De entre todas las voces críticas que han advertido sobre los efectos perversos del consumo televisivo destaca la del filósofo italiano Giovanni Sartori, quien en 1997 publicó Homo videns. La sociedad teledirigida. Sartori lanzó entonces su hipótesis de que el homo sapiens se encontraba en un momento de mutación hacia el homo videns, a consecuencia del predominio de la imagen en la era del video-ver. Las reacciones furibundas de los teleadictos y empresarios no se hicieron esperar, pero ninguna de ellas fue capaz de desmontar los argumentos de Sartori, quien señaló la capacidad de la televisión para destruir más saber y entendimiento de aquel que dice transmitir. Frente a los beneficios que su invención pudo haber traído a la sociedad, la realidad ha mostrado que la televisión, en su actual modelo, ha empobrecido el entendimiento al dañar las capacidades simbólicas propias del lenguaje escrito. Con sus imágenes, la televisión anula conceptos y atrofia las habilidades de abstracción propias del sapiens, quien deja de ser, nos dice Sartori, un animal simbólico para convertirse en telespectador, es decir, en un animal vidente.

Sin embargo, el problema más grave surgió cuando la televisión, además de haberse convertido en un vehículo de dominación mercantil, se erigió en instrumento esencial de la dominación política gracias a su fuerza extremadamente eficaz de manipulación y mentira. Un caso paradigmático lo encontramos en el grueso de los actuales televidentes mexicanos: podemos rastrear la causa de su pobre formación ciudadana en su alto consumo televisivo, que ronda en promedio las seis horas al día. Durante ese tiempo los televidentes, aislados frente a las pantallas, reducen al mínimo su interacción doméstica y quedan expuestos a todo tipo de estímulos visuales dirigidos a excitar sus sentidos, agitar sus emociones, despertar sus apetitos o construir afinidades artificiales. Con ello debilitan su capacidad de gestionar la vida en sociedad y sus posibilidades de afrontar racionalmente los problemas colectivos. De esta forma, además de ser la responsable de la educación sentimental del mexicano promedio, la televisión ha sido factor clave de desinformación e inducción de la opinión pública, ralentizando eficientemente el proceso por construir democracia y justicia verdaderas. El culmen de esa dominación videopolítica lo estamos padeciendo justo ahora con Peña Nieto.

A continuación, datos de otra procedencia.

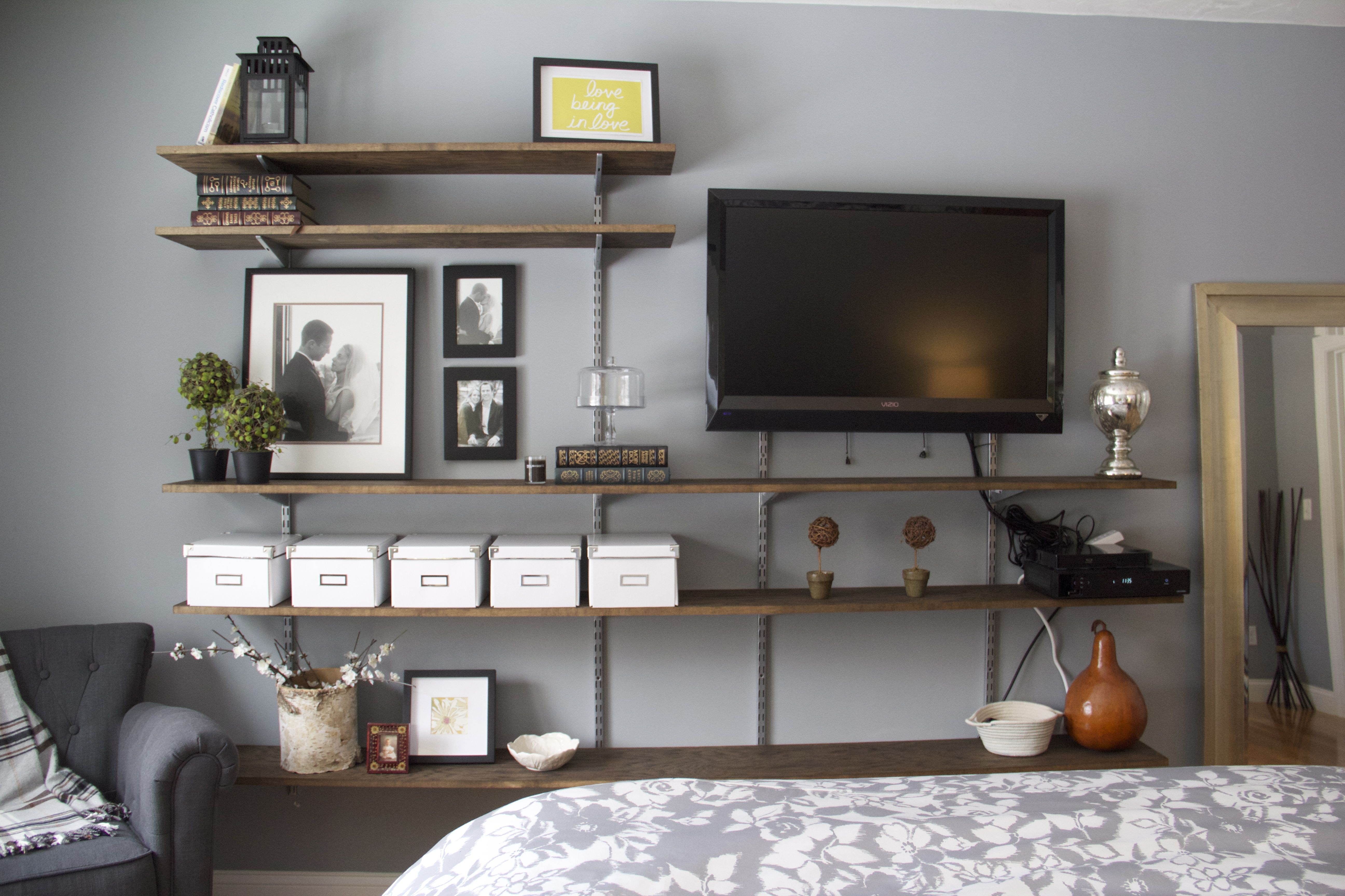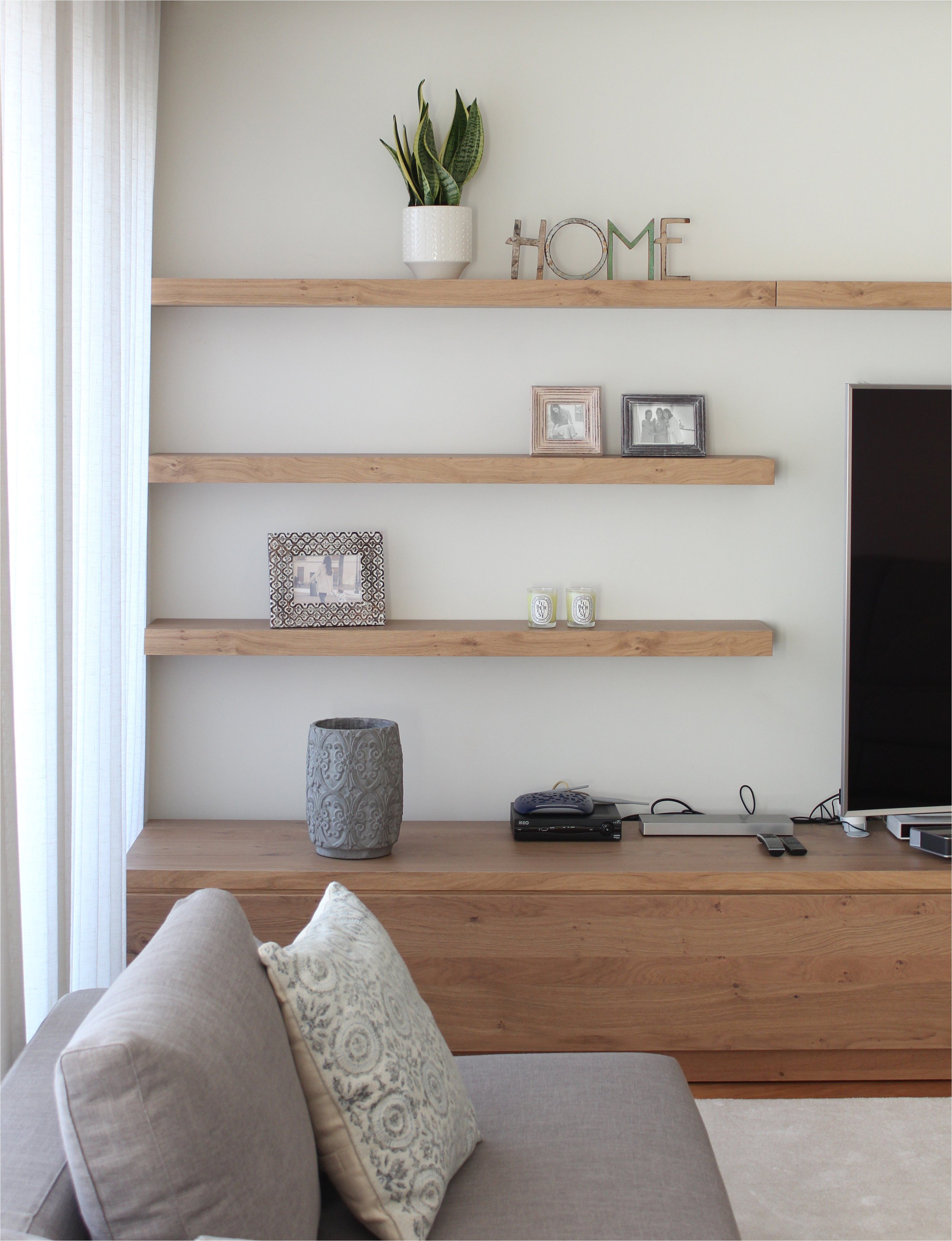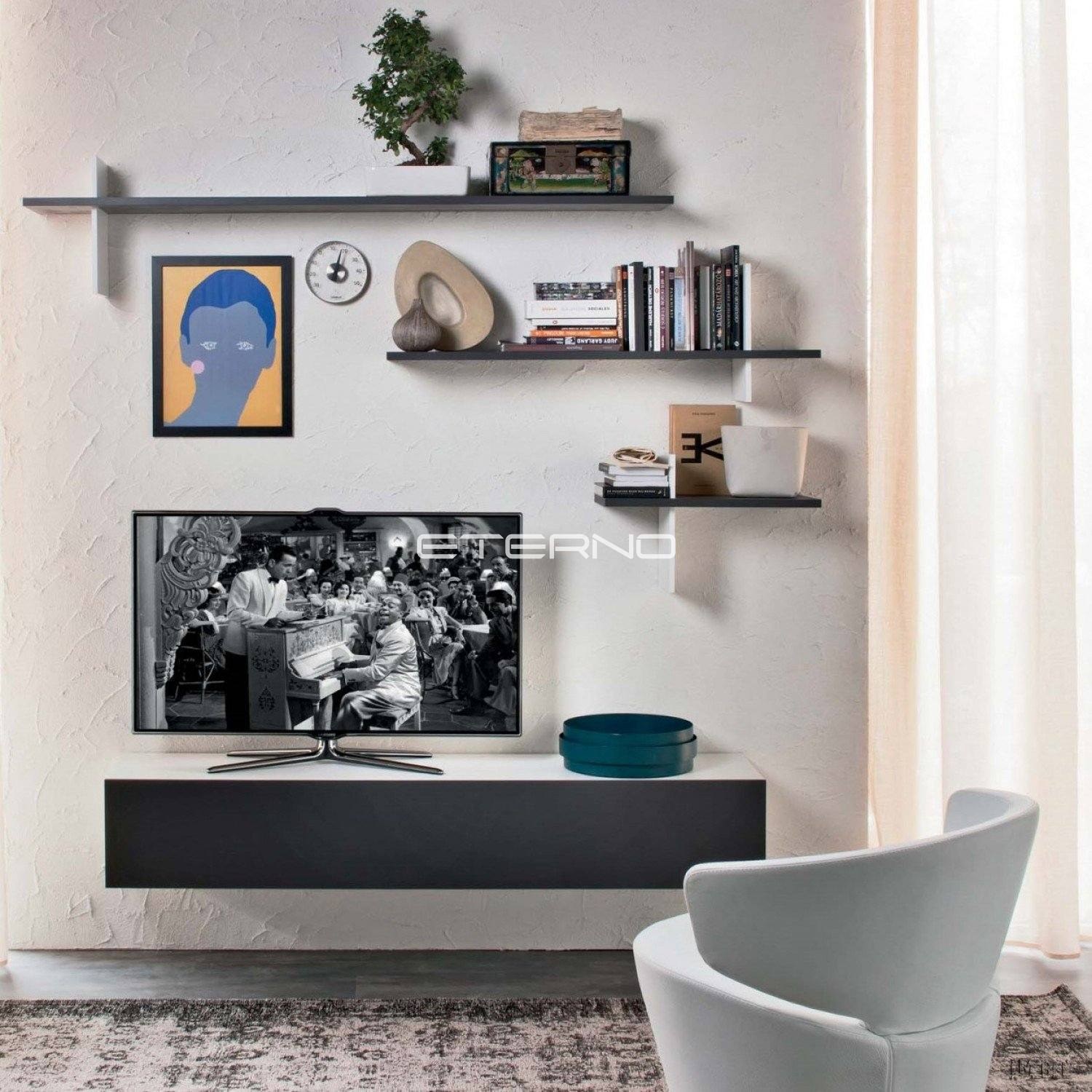 Полки над телевизором в гостиной

Es cierto: la videopolítica es un fenómeno global, mas sus efectos perversos son especialmente graves en países como México, con corrupción galopante y una concentración de recursos televisivos en pocas manos, factores que hacen de la telecracia un metapoder. También es cierto que la televisión llegó a la humanidad para quedarse, y que en todo caso estamos ante el dilema de cómo reconfigurar sus usos y funciones para no acabar aplastados por este prodigioso invento. En las últimas décadas la televisión ha hecho posible, por ejemplo, el milagro de que miles de millones de seres humanos puedan compartir la misma telebasura, la misma desinformación, los mismos referentes, las mismas imágenes, etcétera. De ello está perfectamente consciente el actual tele-régimen priísta, que desde el año pasado comenzó la repartición gratuita de 13 millones 800 mil televisores digitales a los beneficiarios de los diversos programas sociales, acción que muestra la idea que Peña Nieto tiene del bien común.

Sartori calculó que en 1992 existían en el mundo mil millones de aparatos receptores de televisión, con una cobertura de casi 100 por ciento de las casas-habitación del mundo. En México es difícil calcular su cantidad: existen familias de todo tipo que cuentan en sus hogares hasta con cinco aparatos. Como afirma Tomás Mojarro, la televisión es el medio más poderoso de condicionamiento de masas. Necesitamos, por tanto, una urgente cruzada contra el nuevo opio del pueblo, un movimiento pacífico para rehabilitar a los teleadictos, un boicot serio y efectivo hacia el consumo televisivo. Sin ello la sociedad no estará en condiciones de repensar la televisión y utilizarla a su favor. Mientras no logremos eso nuestro futuro, como afirmó Octavio Paz, seguirá como una sombría interrogación.